The options configuration section contains configuration options that
are not specific to any one action.

This is an example options configuration section:

::

   <options>
      <starting_day>tuesday</starting_day>
      <working_dir>/opt/backup/tmp</working_dir>
      <backup_user>backup</backup_user>
      <backup_group>backup</backup_group>
      <rcp_command>/usr/bin/scp -O -B</rcp_command>
      <rsh_command>/usr/bin/ssh</rsh_command>
      <cback_command>/usr/bin/cback</cback_command>
      <managed_actions>collect, purge</managed_actions>
      <override>
         <command>cdrecord</command>
         <abs_path>/opt/local/bin/cdrecord</abs_path>
      </override>
      <override>
         <command>mkisofs</command>
         <abs_path>/opt/local/bin/mkisofs</abs_path>
      </override>
      <pre_action_hook>
         <action>collect</action>
         <command>echo "I AM A PRE-ACTION HOOK RELATED TO COLLECT"</command>
      </pre_action_hook>
      <post_action_hook>
         <action>collect</action>
         <command>echo "I AM A POST-ACTION HOOK RELATED TO COLLECT"</command>
      </post_action_hook>
   </options>
            

The following elements are part of the options configuration section:

``starting_day``
   Day that starts the week.

   Cedar Backup is built around the idea of weekly backups. The starting
   day of week is the day that media will be rebuilt from scratch and
   that incremental backup information will be cleared.

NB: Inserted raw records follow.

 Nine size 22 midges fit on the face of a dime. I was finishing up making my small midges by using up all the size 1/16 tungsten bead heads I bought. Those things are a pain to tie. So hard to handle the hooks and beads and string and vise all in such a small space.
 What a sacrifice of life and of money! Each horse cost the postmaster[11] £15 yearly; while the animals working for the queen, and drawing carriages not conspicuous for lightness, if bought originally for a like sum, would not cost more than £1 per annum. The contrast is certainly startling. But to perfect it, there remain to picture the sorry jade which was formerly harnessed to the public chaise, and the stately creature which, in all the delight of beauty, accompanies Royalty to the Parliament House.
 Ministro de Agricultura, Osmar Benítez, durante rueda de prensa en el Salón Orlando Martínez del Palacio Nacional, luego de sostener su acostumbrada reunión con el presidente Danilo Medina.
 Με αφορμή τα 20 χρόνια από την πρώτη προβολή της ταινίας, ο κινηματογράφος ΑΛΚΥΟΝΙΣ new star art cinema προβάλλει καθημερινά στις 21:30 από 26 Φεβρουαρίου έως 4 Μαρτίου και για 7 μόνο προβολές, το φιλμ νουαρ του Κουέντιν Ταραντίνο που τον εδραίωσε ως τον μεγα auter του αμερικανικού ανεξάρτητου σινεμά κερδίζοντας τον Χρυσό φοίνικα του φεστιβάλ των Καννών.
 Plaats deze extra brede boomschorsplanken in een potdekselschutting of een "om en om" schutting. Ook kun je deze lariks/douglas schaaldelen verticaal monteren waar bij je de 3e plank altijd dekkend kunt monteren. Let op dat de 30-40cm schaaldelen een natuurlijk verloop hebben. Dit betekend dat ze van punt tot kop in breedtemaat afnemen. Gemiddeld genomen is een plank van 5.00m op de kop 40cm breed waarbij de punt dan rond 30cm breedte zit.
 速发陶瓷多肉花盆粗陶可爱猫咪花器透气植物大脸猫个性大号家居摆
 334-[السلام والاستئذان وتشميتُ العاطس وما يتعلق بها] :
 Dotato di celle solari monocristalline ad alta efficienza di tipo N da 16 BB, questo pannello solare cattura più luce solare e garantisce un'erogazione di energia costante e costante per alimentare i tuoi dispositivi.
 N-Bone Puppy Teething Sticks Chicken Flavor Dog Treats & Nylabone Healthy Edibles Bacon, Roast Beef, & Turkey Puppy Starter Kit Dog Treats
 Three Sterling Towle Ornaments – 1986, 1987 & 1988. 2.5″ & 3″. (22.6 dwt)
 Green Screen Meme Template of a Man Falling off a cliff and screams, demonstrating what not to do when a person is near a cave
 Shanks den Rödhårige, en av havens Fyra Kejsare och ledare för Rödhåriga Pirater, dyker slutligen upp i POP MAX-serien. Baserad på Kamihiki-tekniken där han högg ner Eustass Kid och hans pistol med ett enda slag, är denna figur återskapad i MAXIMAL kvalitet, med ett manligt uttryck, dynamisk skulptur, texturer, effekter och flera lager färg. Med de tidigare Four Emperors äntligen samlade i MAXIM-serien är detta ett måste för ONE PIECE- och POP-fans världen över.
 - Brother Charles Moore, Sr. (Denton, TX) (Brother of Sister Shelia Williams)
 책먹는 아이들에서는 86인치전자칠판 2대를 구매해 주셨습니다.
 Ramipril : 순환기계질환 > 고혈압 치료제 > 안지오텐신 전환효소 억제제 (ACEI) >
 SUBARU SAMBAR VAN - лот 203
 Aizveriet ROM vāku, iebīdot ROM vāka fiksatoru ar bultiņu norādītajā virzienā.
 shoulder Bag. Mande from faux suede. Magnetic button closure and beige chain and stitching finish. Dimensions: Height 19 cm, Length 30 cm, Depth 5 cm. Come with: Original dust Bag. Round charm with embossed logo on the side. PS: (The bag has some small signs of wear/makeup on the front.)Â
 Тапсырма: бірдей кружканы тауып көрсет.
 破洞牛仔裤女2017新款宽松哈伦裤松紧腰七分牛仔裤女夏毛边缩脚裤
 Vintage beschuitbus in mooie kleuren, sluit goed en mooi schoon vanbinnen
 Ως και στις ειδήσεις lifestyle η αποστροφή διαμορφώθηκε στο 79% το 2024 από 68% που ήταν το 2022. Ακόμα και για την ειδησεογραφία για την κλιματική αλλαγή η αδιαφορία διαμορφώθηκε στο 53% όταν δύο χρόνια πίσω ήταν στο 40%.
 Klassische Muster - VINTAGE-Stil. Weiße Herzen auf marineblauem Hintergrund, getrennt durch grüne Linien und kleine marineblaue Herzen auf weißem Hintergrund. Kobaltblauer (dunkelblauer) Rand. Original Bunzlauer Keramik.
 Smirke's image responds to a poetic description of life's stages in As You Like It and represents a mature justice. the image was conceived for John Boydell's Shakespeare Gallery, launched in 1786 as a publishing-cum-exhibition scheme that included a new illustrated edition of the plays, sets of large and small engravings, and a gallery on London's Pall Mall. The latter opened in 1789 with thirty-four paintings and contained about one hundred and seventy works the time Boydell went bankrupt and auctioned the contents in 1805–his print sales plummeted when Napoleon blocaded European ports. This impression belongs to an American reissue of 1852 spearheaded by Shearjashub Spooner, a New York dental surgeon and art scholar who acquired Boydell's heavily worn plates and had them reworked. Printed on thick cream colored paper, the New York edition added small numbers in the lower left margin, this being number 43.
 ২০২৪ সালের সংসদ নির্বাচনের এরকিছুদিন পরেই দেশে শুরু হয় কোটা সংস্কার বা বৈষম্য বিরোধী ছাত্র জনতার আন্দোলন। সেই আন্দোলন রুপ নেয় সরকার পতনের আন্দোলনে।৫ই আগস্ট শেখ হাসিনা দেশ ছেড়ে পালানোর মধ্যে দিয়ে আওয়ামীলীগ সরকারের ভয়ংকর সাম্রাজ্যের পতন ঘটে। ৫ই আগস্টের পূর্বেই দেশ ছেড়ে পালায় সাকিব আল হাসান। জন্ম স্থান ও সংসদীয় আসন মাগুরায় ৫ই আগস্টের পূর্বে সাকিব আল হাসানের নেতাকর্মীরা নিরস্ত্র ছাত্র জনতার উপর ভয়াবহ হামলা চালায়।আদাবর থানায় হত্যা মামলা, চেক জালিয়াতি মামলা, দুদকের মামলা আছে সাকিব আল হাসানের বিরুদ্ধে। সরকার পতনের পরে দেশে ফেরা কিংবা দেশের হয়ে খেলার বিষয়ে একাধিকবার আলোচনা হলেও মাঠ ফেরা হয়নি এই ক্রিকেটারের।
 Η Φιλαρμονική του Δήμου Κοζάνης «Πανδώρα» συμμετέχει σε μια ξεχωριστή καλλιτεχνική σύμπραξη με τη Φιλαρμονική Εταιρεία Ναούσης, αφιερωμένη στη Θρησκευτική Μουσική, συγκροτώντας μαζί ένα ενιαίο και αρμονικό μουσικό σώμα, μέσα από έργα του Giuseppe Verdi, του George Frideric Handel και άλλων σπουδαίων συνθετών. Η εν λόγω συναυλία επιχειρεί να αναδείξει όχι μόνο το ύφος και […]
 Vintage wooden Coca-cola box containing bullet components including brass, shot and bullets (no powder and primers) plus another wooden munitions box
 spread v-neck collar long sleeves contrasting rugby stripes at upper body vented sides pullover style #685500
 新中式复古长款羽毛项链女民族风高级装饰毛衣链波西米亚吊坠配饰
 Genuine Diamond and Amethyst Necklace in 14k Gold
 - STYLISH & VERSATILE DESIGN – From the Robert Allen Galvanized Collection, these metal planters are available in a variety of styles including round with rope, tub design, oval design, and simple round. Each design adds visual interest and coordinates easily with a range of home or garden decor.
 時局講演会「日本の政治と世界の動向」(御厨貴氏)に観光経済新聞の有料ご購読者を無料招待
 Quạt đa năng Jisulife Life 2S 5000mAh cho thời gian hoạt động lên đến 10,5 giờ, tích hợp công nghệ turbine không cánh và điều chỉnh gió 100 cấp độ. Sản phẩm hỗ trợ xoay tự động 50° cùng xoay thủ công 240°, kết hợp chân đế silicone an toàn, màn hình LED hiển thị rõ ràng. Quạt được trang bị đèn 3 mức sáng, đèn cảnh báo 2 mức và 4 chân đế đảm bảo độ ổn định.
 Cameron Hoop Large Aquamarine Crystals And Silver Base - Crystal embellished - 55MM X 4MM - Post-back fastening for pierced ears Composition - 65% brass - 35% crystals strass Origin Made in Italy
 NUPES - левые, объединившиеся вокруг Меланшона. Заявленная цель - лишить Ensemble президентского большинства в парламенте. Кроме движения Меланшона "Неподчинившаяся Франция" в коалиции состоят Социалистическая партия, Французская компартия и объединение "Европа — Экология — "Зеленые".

   *Restrictions:* Must be a day of the week in English, i.e.
   ``monday``, ``tuesday``, etc. The validation is case-sensitive.

``working_dir``
   Working (temporary) directory to use for backups.

   This directory is used for writing temporary files, such as tar file
   or ISO filesystem images as they are being built. It is also used to
   store day-to-day information about incremental backups.

   The working directory should contain enough free space to hold
   temporary tar files (on a client) or to build an ISO filesystem image
   (on a master).

   *Restrictions:* Must be an absolute path

``backup_user``
   Effective user that backups should run as.

   This user must exist on the machine which is being configured and
   should not be root (although that restriction is not enforced).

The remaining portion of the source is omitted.